For order $k$ in $n$ variables, the number of monomials is:
$$ \binom{n+k}{k}. $$
Growth is combinatorial.
For example:
| Variables | Order | Number of Terms |
|---|---|---|
| 1 | 2 | 3 |
| 2 | 2 | 6 |
| 5 | 3 | 56 |
| 10 | 4 | 1001 |
This combinatorial explosion is one of the main challenges in higher-order automatic differentiation.
Sparse and Structured Representations
Practical systems rarely store full dense polynomial expansions.
Instead they exploit:
- sparsity
- symmetry
- directional derivatives
- compressed Hessians
- low-rank structure
Methods include:
- truncated Taylor mode
- hyper-dual numbers
- Hessian-vector products
- checkpointed higher-order reverse mode
The algebraic viewpoint remains the same even when representations become optimized.
Relation to Formal Power Series
Truncated polynomial algebras are finite approximations to formal power series.
A formal power series has infinite expansion:
$$ \sum_{i=0}^{\infty} a_i\varepsilon^i. $$
Truncated algebras cut this off at finite order:
$$ \sum_{i=0}^{k} a_i\varepsilon^i. $$
Automatic differentiation computes finite local expansions rather than full analytic series.

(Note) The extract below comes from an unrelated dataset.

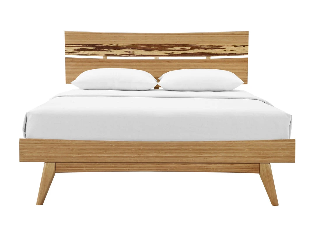 Showcasing the beautiful color and grain of solid bamboo, the Azara platform bed features contemporary styling, clean lines and a stunning headboard accent in exotic tiger bamboo. The Azara platform bed is designed for use with a mattress only, which is supported with a solid bamboo European slat system, eliminates the need for a box spring, and provides constant ventilation for your mattress. Available in Queen, King, and California king sizes, in your choice of caramelized or rich Sable finish. Crafted in solid Moso bamboo, the Azara’s elegant silhouette creates a timeless look to complement any style.

This finite truncation keeps computation practical.
Program Semantics View
Ordinary execution interprets variables as real numbers:
$$ x \in \mathbb{R}. $$
First-order forward AD interprets them as dual numbers:
$$ x \in \mathbb{R}[\varepsilon]/(\varepsilon^2). $$
Higher-order AD interprets them as truncated polynomials:
$$ x \in \mathbb{R}[\varepsilon]/(\varepsilon^{k+1}). $$
The program structure remains unchanged.
Only the underlying algebra changes.
This is one of the deepest ideas in automatic differentiation: differentiation can be implemented by changing the algebra of evaluation.
Algebraic Summary
Truncated polynomial algebras generalize dual numbers by preserving higher-order infinitesimal terms.
The algebra:
$$ \mathbb{R}[\varepsilon]/(\varepsilon^{k+1}) $$
stores finite Taylor expansions up to order $k$.
Evaluating a function in this algebra produces:
$$ f(x+\varepsilon) = \sum_{i=0}^{k} \frac{f^{(i)}(x)}{i!}\varepsilon^i. $$
Thus:
- coefficients become derivatives
- multiplication propagates chain rules
- higher-order interactions emerge naturally
- differentiation becomes algebraic evaluation
Higher-order automatic differentiation is therefore computation over truncated polynomial algebras.